If bisectors of opposite angles of a cyclic quadrilateral $ABCD$ intersect the circle, circumscribing it at the points $P$ and $Q$, prove that $PQ$ is a diameter of the circle.

Answer 1

Given:$ABCD$ is a cyclic quadrilateral.

$DP$ and $QB$ are the bisectors of $\angle D$ and $\angle B$, respectively.

To prove: $PQ$ is the diameter of a circle.

Proof: Since,$ABCD$ is a cyclic quadrilateral.

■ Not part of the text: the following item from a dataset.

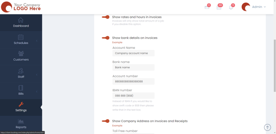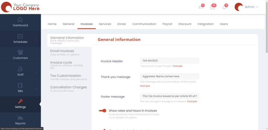 • To begin, please navigate to Settings > Invoices > General information

$\therefore \angle CDA+\angle CBA={180}^{\circ }$ since sum of opposite angles of cyclic quadrilateral is ${180}^{\circ }$

$\frac{1}{2}\angle CDA+\frac{1}{2}\angle CBA=\frac{1}{2}\times {180}^{\circ }={90}^{\circ }$

$\Rightarrow \angle 1+\angle 2={90}^{\circ }$ ........$\left(1\right)$

But $\angle 2=\angle 3$ (angles in the same segment $QC$ are equal) ........$\left(2\right)$

$\Rightarrow \angle 1+\angle 3={90}^{\circ }$

From eqns$\left(1\right)$ and $\left(2\right)$,

$\angle PDQ={90}^{\circ }$

Hence,$PQ$ is a diameter of a circle, because diameter of the circle subtends a right angle at the circumference of the circle.